Très fréquentes et généralement sans gravité, les diarrhées bactériennes guérissent souvent spontanément. Attention néanmoins au risque de déshydratation chez les plus jeunes, les personnes âgées et les patients dont les défenses immunitaires sont affaiblies : il convient de compenser la perte d’eau et d’électrolytes (ions sodium, potassium et chlorure) :
- par voie orale (avec des solutés de réhydratation orale, les fameux SRO)

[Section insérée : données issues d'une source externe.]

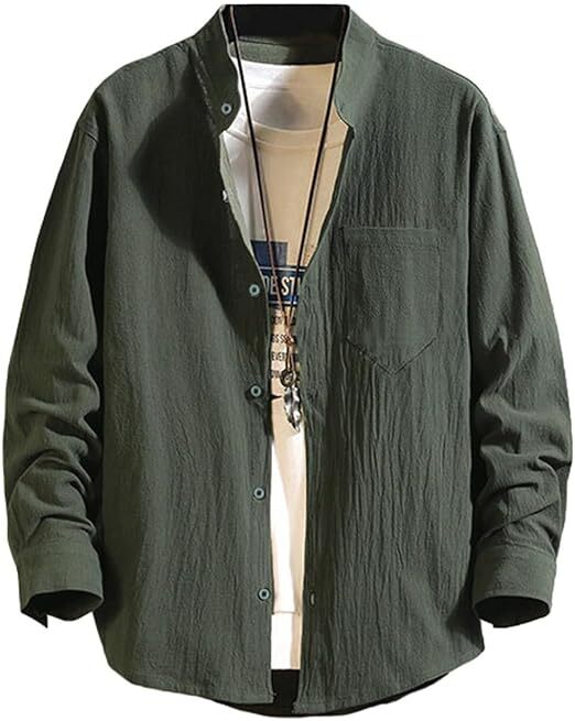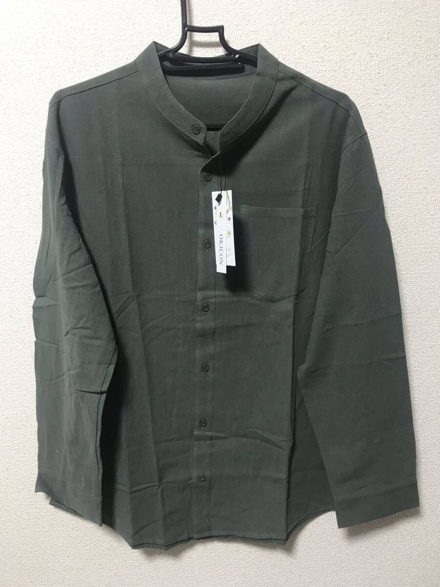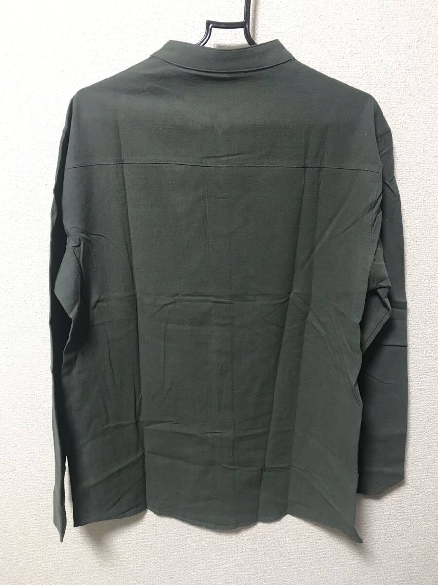 シャツ メンズ 長袖 春 カジュアル おしゃれ 綿麻 無地 L

- ou par voie veineuse dans les cas les plus sérieux.
Les antibiotiques
Le recours à des antibiotiques n’est pas recommandé chez les personnes en bonne santé souffrant de formes légères ou modérées, pour éviter la sélection de souches résistantes. 7 En revanche, des antibiotiques peuvent être prescrits chez les personnes à risque (nourrissons, personnes âgées, patients immunodéprimés) ou lorsque l’infection se propage des intestins à d’autres parties de l’organisme. 7
Les professionnels de santé peuvent également recommander certaines souches probiotiques pour la prise de la diarrhée infectieuse aiguë chez l'enfant : ces bonnes bactéries réduisent la durée de la diarrhée, et/ou la durée de l'hospitalisation, et/ou le volume des selles.
Le cas particulier des diarrhées à C. difficile
Les chiffres font froid dans le dos : sur 100 patients entrant à l’hôpital, 7 dans les pays à revenu élevé et 15 dans les pays à revenu faible ou intermédiaire contracteront au moins une infection pendant leur hospitalisation. Et en moyenne, 1 patient touché sur 10 succombera à une infection, dite nosocomiale. 15
Au rang des pathogènes incriminés : la bactérie Clostridioides difficile (autrefois appelée Clostridium difficile), principal responsable des diarrhées infectieuses nosocomiales chez l’adulte. L’Europe compterait de l’ordre de 120 000 cas par an ; les États-Unis 450 000. 16
Le souci : avec le temps, des souches plus virulentes de C. difficile, répondant moins aux antibiotiques, ont émergé et le taux de guérison a plongé. D’où la recherche de méthodes alternatives de prise en charge. Selon les recommandations 2023 de l'Organisation mondiale de gastroentérologie, « Les probiotiques sont efficaces pour prévenir la diarrhée associée au C. difficile chez les patients recevant des antibiotiques. ». Pour les cas de C. difficile récurrents chez les adultes et les enfants, la transplantation de microbiote fécal (FMT) s'est avérée efficace 17 : elle évite la rechute dans 90 % des cas.
Que retenir à propos de la diarrhée infectieuse bactérienne ?
- On parle de diarrhée lors de l’émission d’au moins trois selles molles ou liquides par jour, et de diarrhée infectieuse lorsque cette diarrhée a pour origine une infection par un agent pathogène (virus, bactérie, ou parasite). La diarrhée, du fait de la déshydratation qui en découle, était responsable de 1,6 million de décès en 2016, notamment chez des enfants malnutris ou immunodéprimés ou des personnes vivant avec le VIH. 1-3
- En cas d’infection par une bactérie, la diarrhée est dite « bactérienne ». Les bactéries Shigella (shigellose) et Vibrio cholerae (cholera) sont les plus meurtrières dans les pays pauvres sans accès à de l’eau potable. Dans les pays occidentaux, Salmonella et Escherichia coli font parler d’elles lors d’infections alimentaires, tandis que C. difficile est la principale responsable des diarrhées infectieuses nosocomiales chez l’adulte. 6
- Parfois, le microbiote intestinal parvient à contrer l’infection ; parfois, la bactérie l’emporte et déclenche une diarrhée dont les caractéristiques (présence de sang, présence de glaires, forte émission de liquide…) dépendent de la bactérie incriminée. 2,10
- La prévention des diarrhées virales repose avant tout sur des règles d’hygiène (lavage et cuisson des aliments, lavage des mains, distanciation…). Les probiotiques pourraient participer à prévenir certaines infections bactériennes. 2 Enfin, la recherche travaille sur la mise au point de vaccins contre les Shigella. 12
- La prise en charge des diarrhées bactériennes repose sur une lutte contre la déshydratation. Des antibiotiques peuvent être prescrits par des professionnels de santé pour les personnes à risque (nourrissons, personnes âgées, patients immunodéprimés) ou lorsque l’infection se propage des intestins à d’autres parties de l’organisme. 7 Des probiotiques peuvent être associés pour réduire la diarrhée et l’hospitalisation.